St Vincent's Hospital Melbourne, 41 Victoria Parade, Fitzroy VIC 3065, Australia; Peter MacCallum Cancer Centre, 305 Grattan St, Melbourne VIC 3000, Australia.
Oral Oncol. 2022 Oct;133:106052. doi: 10.1016/j.oraloncology.2022.106052. Epub 2022 Jul 31.
Carcinoma ex Pleomorphic Adenoma (CXPA) is a rare primary salivary gland malignancy, typically arising from a pre-existing pleomorphic adenoma. This systematic review examines prognostic factors affecting overall survival (OS) in major and minor salivary gland CXPA.

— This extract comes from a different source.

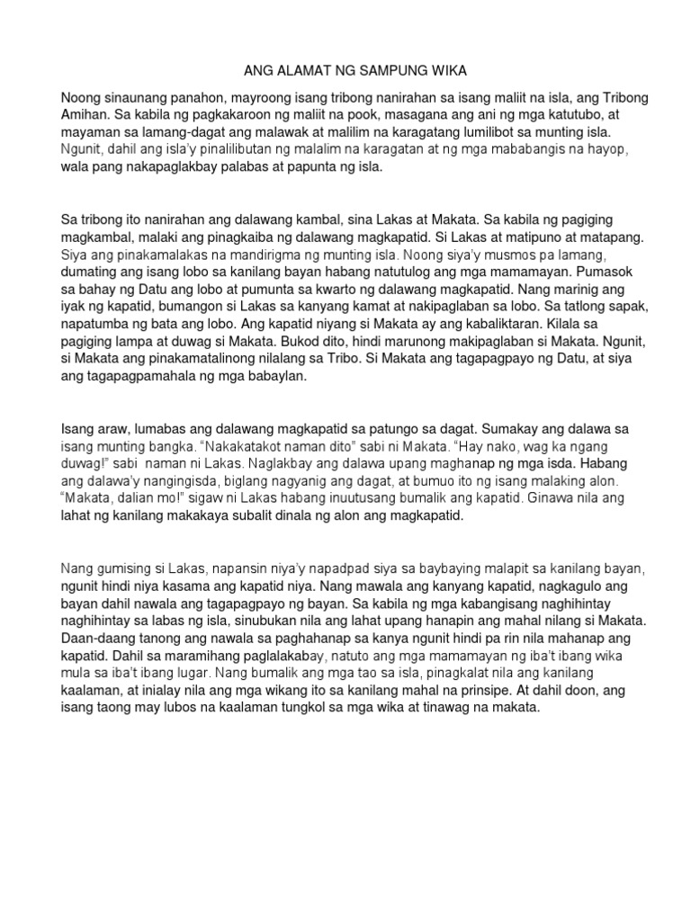 Sa isang nayon nakatira ang pamilya ni Pepaysya ay laki sa bukid at mahirap. Alamat tungkol sa pinagmulan ng wika Noong sinaunang panahon mayroong dalawang taong umusbong sa isang mala-paraisong lugar ng Akiw. Ang mga panandang salita naman ay.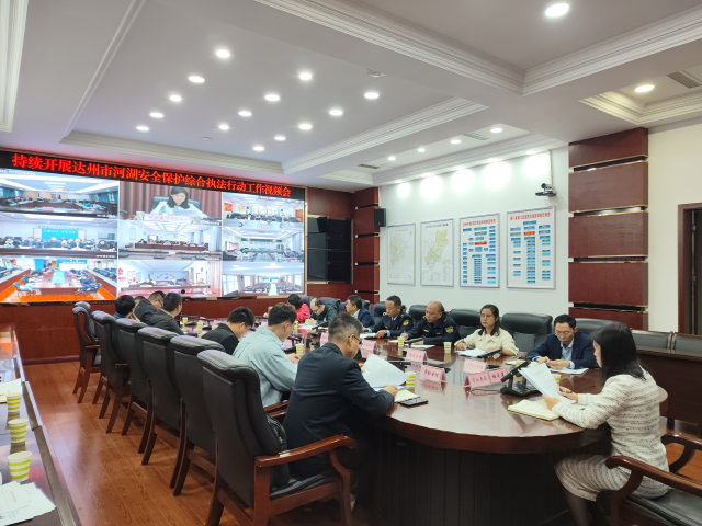 为推动达州市河湖安全保护综合执法行动工作持续强力开展,2024年10月17日,达州市水务局组织召开“持续开展达州市河湖安全保护综合执法行动工作视频会”。市水务局副局长杜成英主持会议并讲话,市中级人民法院、检察院、公安局、司法局、水务局、生态环境、交通运输、应急管理等八部门有关负责同志及各县(市、区)相关人员共102人参加会议。

Systematic review of MEDLINE, Cochrane, Scopus, Web of Science, CINAHL, and Open Grey databases from inception to 31st March 2022 for all English-language literature pertaining to 'carcinoma ex pleomorphic adenoma'. All study types with greater than five patients with CXPA of the major and minor salivary glands were eligible for inclusion.
Of 8143 studies, 39 studies (n = 5637 patients) meeting the inclusion criteria were included. Median OS at one, three, five, and ten years were 90.0 %, 72.0 %, 61.9 %, and 45.0 % respectively for all CXPA. Higher staging, T stage, nodal disease, grading, and invasion ≥ 1.5 mm had worse outcomes. Histological subtype, perineural invasion, and radiotherapy did not demonstrate a consistent trend. Three studies were evaluated to have high risk of bias, and was removed for sensitivity analysis.
Survival outcomes worsen with time for all salivary gland CXPA. Further research on histopathological features and the utility of radiation therapy is required to guide patient selection for more aggressive treatment.
CRD42021238544 (PROSPERO).
癌在多形性腺瘤(CXPA)是一种罕见的原发性涎腺癌,通常起源于先前存在的多形性腺瘤。本系统评价检查了影响大、小涎腺 CXPA 总生存率(OS)的预后因素。
对 MEDLINE、Cochrane、Scopus、Web of Science、CINAHL 和 Open Grey 数据库进行了系统评价,检索时间从建库至 2022 年 3 月 31 日,检索内容为所有与“癌在多形性腺瘤”相关的英文文献。所有研究类型均纳入了大、小涎腺 CXPA 患者 5 例以上的研究。
在 8143 项研究中,符合纳入标准的 39 项研究(n=5637 例患者)被纳入。所有 CXPA 的 1 年、3 年、5 年和 10 年 OS 中位数分别为 90.0%、72.0%、61.9%和 45.0%。较高的分期、T 分期、淋巴结疾病、分级和侵袭性≥1.5mm 均提示预后较差。组织学亚型、神经周围侵犯和放疗并未表现出一致的趋势。有 3 项研究被评估为存在高偏倚风险,因此在敏感性分析中被剔除。
对于所有涎腺 CXPA,随着时间的推移,生存结果会恶化。需要进一步研究组织病理学特征和放疗的作用,以指导选择更积极的治疗方法。
CRD42021238544(PROSPERO)。